Rudy Giuliani, 77, appears broke and faces a high-stakes lawsuit. Credit: AFP via Getty Images/Mandel Ngan
Who will help Rudy Giuliani?
Mark this moment in his alliance with his liege Donald Trump: Next week a federal trial is scheduled to begin in the case of former Giuliani associate Lev Parnas and a co-defendant, Andrey Kukushkin. They are accused of funneling foreign donations into U.S. elections.
In preparation, trial judge Paul Oetken said prospective jurors will be asked whether they have strong beliefs about the ex-mayor and the ex-president and whether those feelings would hamper their ability to fairly judge the case.
The defense asked for this query. Whatever the trial strategy, we have reached a point where a defendant’s ties to Trump and Giuliani could tilt a juror of his peers against him. Under ordinary circumstances, framed grip-and-grin photos taken with powerful figures not on trial would enhance a small-business man's prestige, or lend him social legitimacy.
Not in this instance.
The situation looks dire on several levels for a former mayor whose state law license is suspended. He once built his fame as U.S. attorney in the same domain where he's now under investigation. As a newsmaker, he no longer makes news on his own terms.
Between him and Trump, the Brooklyn-born Giuliani, raised in Garden City, will always make the more interesting subject of New York biography. He is both self-made and self-unmade.
At 75, Trump still holds inherited wealth, while his political entities keep hitting up the flock for donations. He pretty much does what he's always done.
At 77, Giuliani gives every sign of being genuinely broke while facing a high-stakes lawsuit over his famously preposterous election lies in court. He's had his apartment raided by the FBI, with results still to be revealed by prosecutors. And in public, friends appeal to Trump to pay Giuliani for the failed and ridiculed efforts on his behalf.
What has gone largely unnoted for decades is Giuliani's eager subordination to more powerful men.
In 2008, as his own campaign for president crashed and burned early in the primary process, Giuliani quickly embraced GOP nominee John McCain.

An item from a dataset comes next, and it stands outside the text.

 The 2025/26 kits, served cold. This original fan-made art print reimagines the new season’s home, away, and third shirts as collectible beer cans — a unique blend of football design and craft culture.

Four years earlier, Giuliani practically fell over himself at the Republican convention in New York City, conferring hero status on President George W. Bush.

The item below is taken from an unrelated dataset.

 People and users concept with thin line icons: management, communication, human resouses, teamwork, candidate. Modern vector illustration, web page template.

And yet when Trump demeaned and degraded both the ex-president and the ex-senator of his adopted party, Giuliani could not manage a word to contradict his current idol in defense of his former ones. Instead, Giuliani with gusto propped up falsehoods about Trump’s political enemies, usurped State Department policies in Ukraine, and on Jan. 6, railed at the infamous Capitol rally about "trial by combat."
What's to become of the man? His self-humiliations are growing ever more painful to watch.
Barely a month after 9/11, Queen Elizabeth II named Giuliani Knight Commander of the Most Excellent Order of the British Empire for his "outstanding help and support to the bereaved British families in New York."
Last month, he stood at the podium of an annual 9/11 dinner and did a bizarre impression of the elderly and popular monarch. He gave a twisted account of his long-ago honor by suggesting he didn't even accept it, raising new speculation about the mental causes of his erratic and graceless public conduct.
All this can only hinder his son Andrew in his GOP bid for governor next year. One wonders how hard anyone who cares about the elder Giuliani has tried of late to intervene and end the unraveling.
Even privately, nobody from his old circle offers a hint of who might help.
Columnist Dan Janison's opinions are his own.